PROBLEM REQUIREMENTS:
Could you retype the entries below exactly, omitting every picture?

DATA FOR THE TASK:
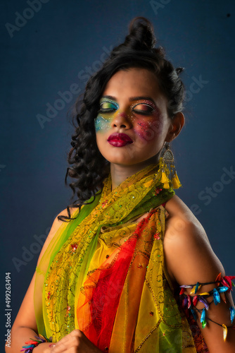 A gorgeous Young model beautiful woman or girl with perfect art creative makeup like a butterfly.
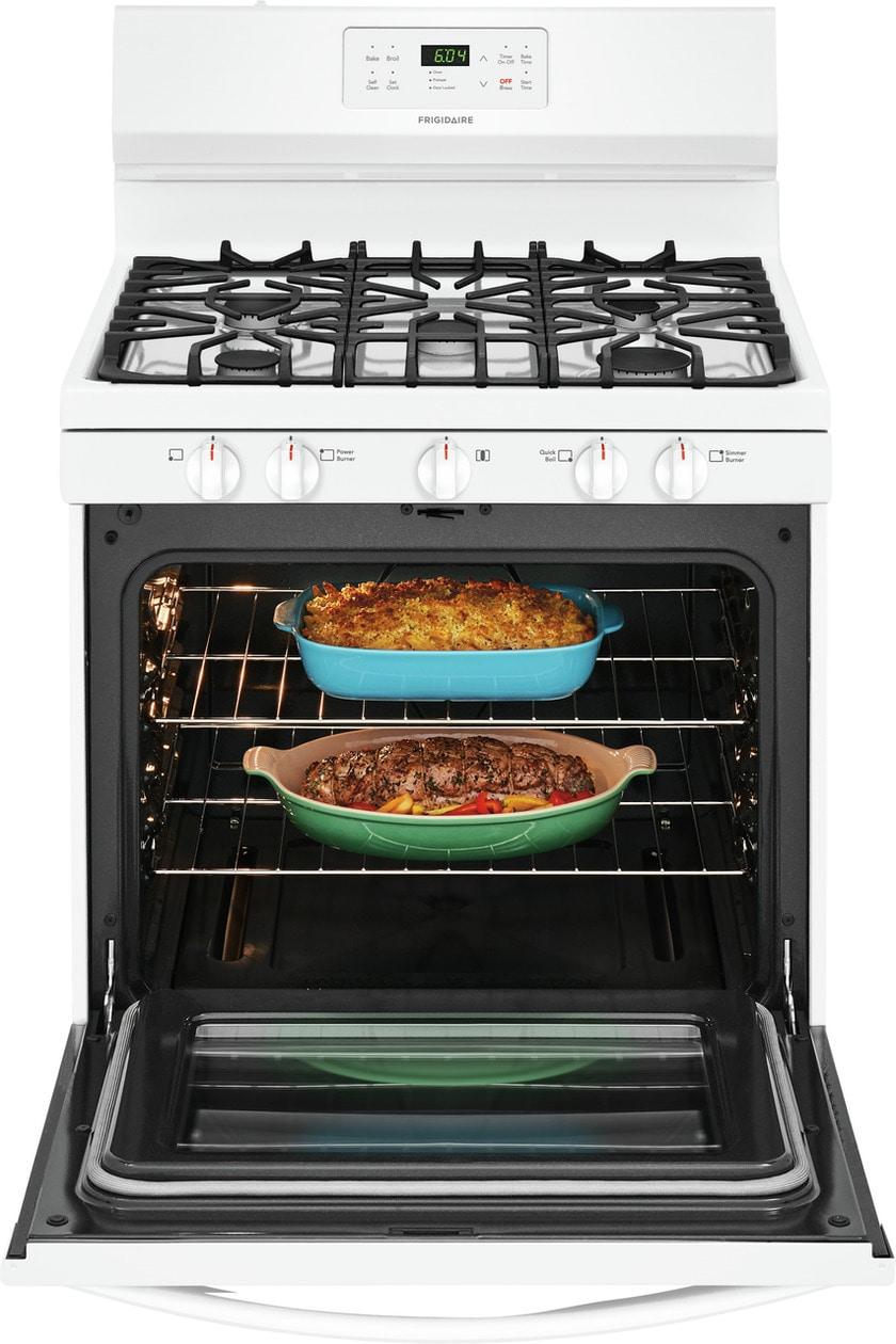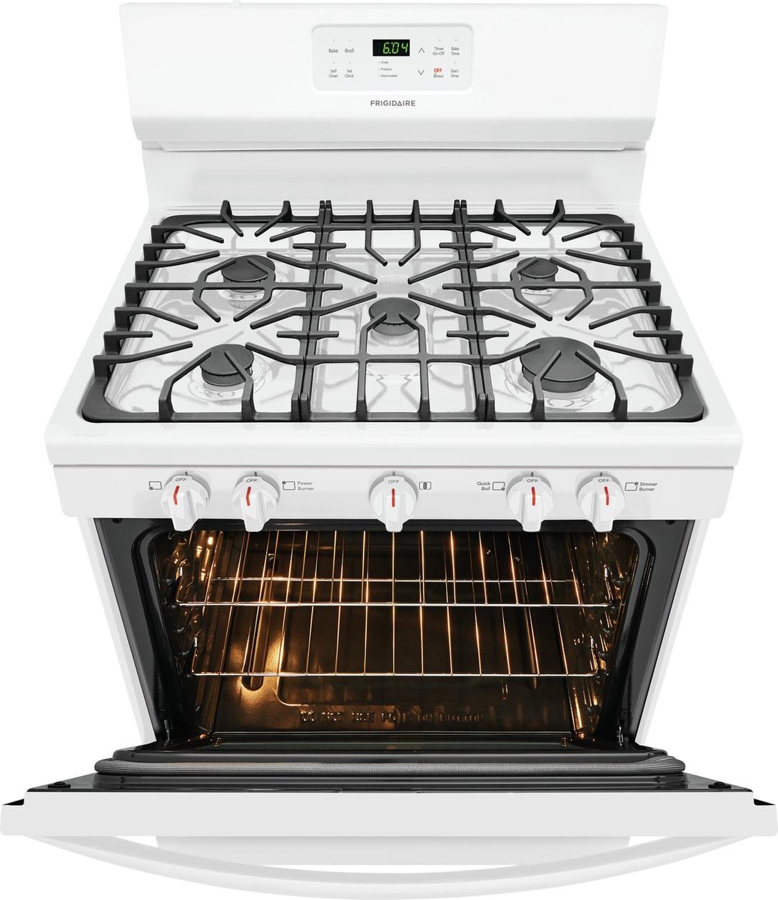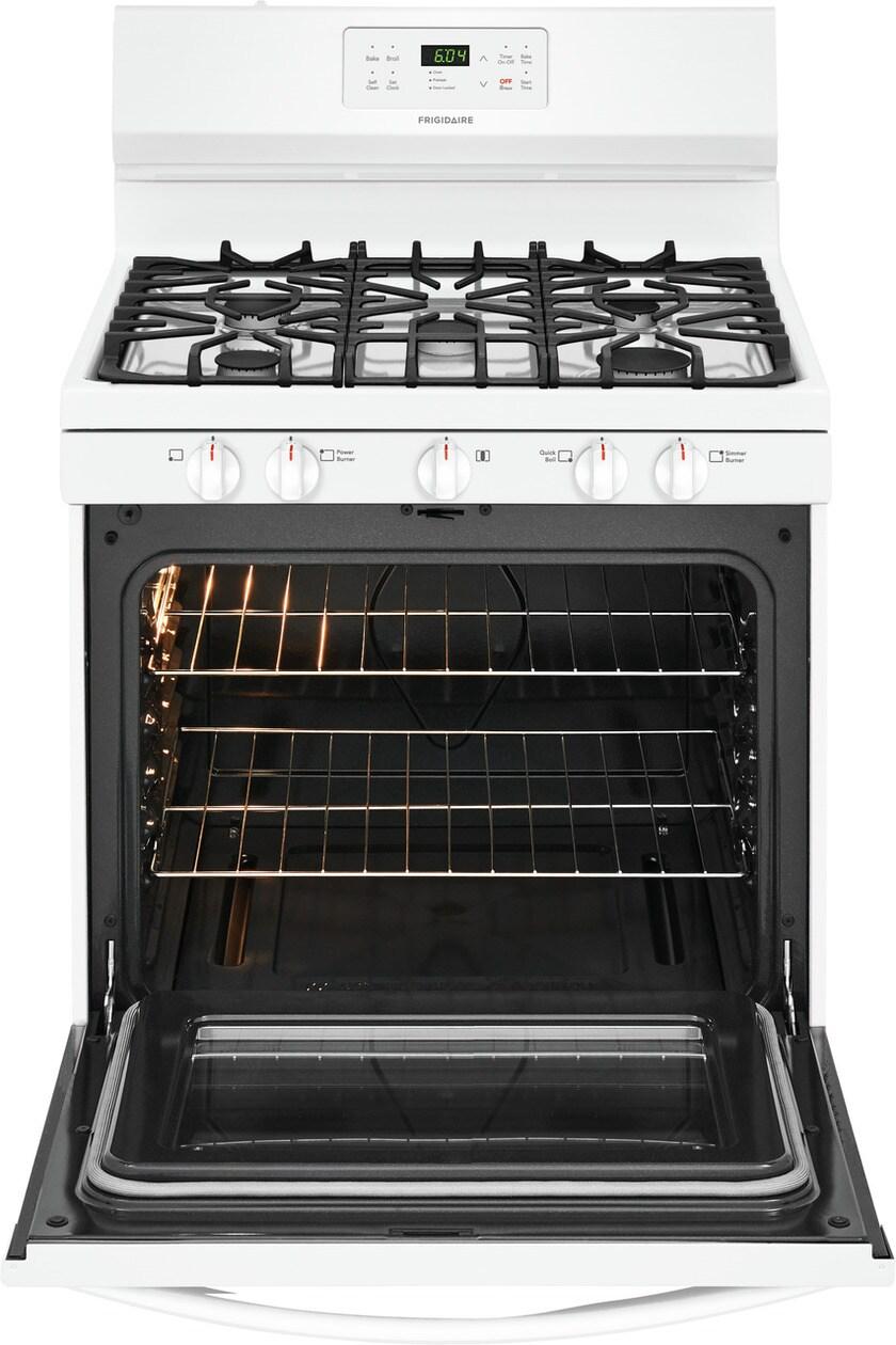 The Frigidaire 30" Gas Range with Quick Boil allows you to experience faster boil times with the 17,000 BTU Quick Boil burner. Cleanup is made easy with Delay Clean and One-Touch Self Clean options. Plus, the Store-More® Storage Drawer offers extra space to store cookware.
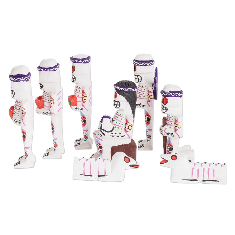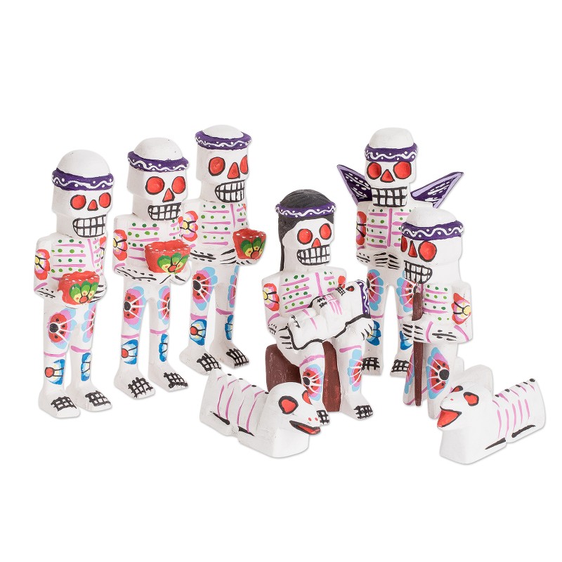 This highly unusual nativity scene set features the typical personages — Mary, Joseph, Jesus, Wise Men and angel, but all depicted as skeletal figures a la Day of the Dead. They are created by Juan and Carolina of Chichicastenango, Guatemala from pinewood and hand-painted.
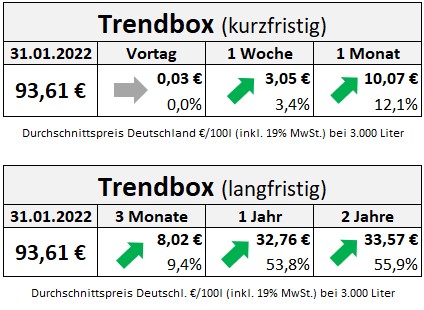 Der erste Monat des Jahres ist vorbei und endet mit dem höchsten Preisniveau seit Jahren. Zwar ist der durchschnittliche Heizölpreis von Freitag auf Montag nahezu gleich geblieben, doch seit Monatsbeginn hat er um über 12 Prozent zugelegt. Der große Preistreiber bleibt der Rohölpreis an den Ölbörsen. Hier kennen die Kurse seit Monaten nur noch eine Richtung – aufwärts!
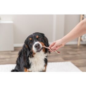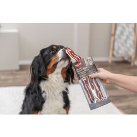 pechuga de pato (55 %), piel de vacuno (20 %), carne de vacuno (18 %), fécula de patata, glicerina, minerales | fórmula sin gluten | sin azúcar añadido | Conservar en un lugar fresco y seco.
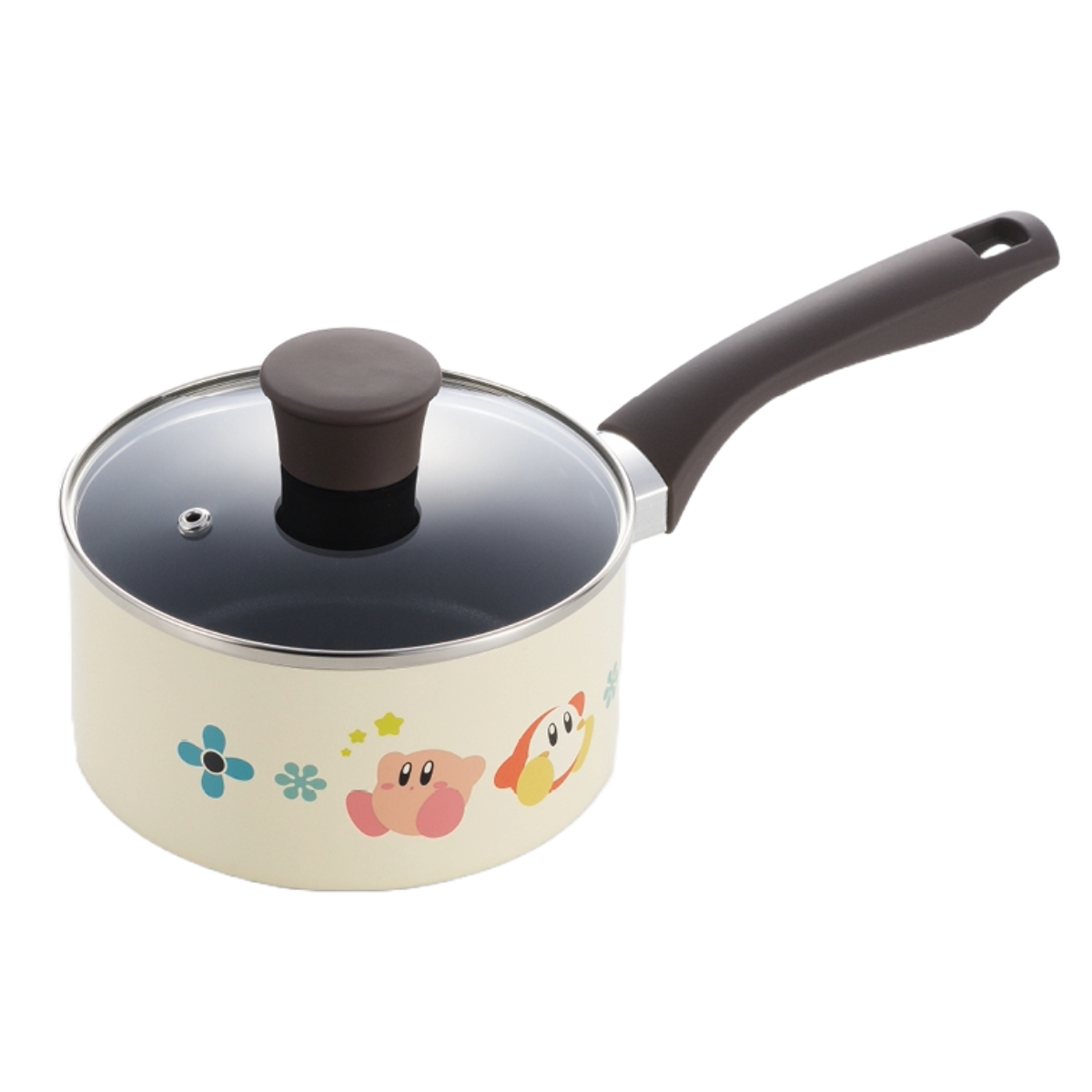 片手鍋 16cm IH対応 星のカービィ ( ガス火対応 ふっ素加工 フッ素加工 軽い 鍋 なべ 16センチ 片手なべ ミルクパン ガラス蓋 小鍋 フッ素コーティング アルミ製 軽量 可愛い キャラクター 調理器具 )

TASK ANSWER:
 A gorgeous Young model beautiful woman or girl with perfect art creative makeup like a butterfly.
 The Frigidaire 30" Gas Range with Quick Boil allows you to experience faster boil times with the 17,000 BTU Quick Boil burner. Cleanup is made easy with Delay Clean and One-Touch Self Clean options. Plus, the Store-More® Storage Drawer offers extra space to store cookware.
 This highly unusual nativity scene set features the typical personages — Mary, Joseph, Jesus, Wise Men and angel, but all depicted as skeletal figures a la Day of the Dead. They are created by Juan and Carolina of Chichicastenango, Guatemala from pinewood and hand-painted.
 Der erste Monat des Jahres ist vorbei und endet mit dem höchsten Preisniveau seit Jahren. Zwar ist der durchschnittliche Heizölpreis von Freitag auf Montag nahezu gleich geblieben, doch seit Monatsbeginn hat er um über 12 Prozent zugelegt. Der große Preistreiber bleibt der Rohölpreis an den Ölbörsen. Hier kennen die Kurse seit Monaten nur noch eine Richtung – aufwärts!
 pechuga de pato (55 %), piel de vacuno (20 %), carne de vacuno (18 %), fécula de patata, glicerina, minerales | fórmula sin gluten | sin azúcar añadido | Conservar en un lugar fresco y seco.
 片手鍋 16cm IH対応 星のカービィ ( ガス火対応 ふっ素加工 フッ素加工 軽い 鍋 なべ 16センチ 片手なべ ミルクパン ガラス蓋 小鍋 フッ素コーティング アルミ製 軽量 可愛い キャラクター 調理器具 )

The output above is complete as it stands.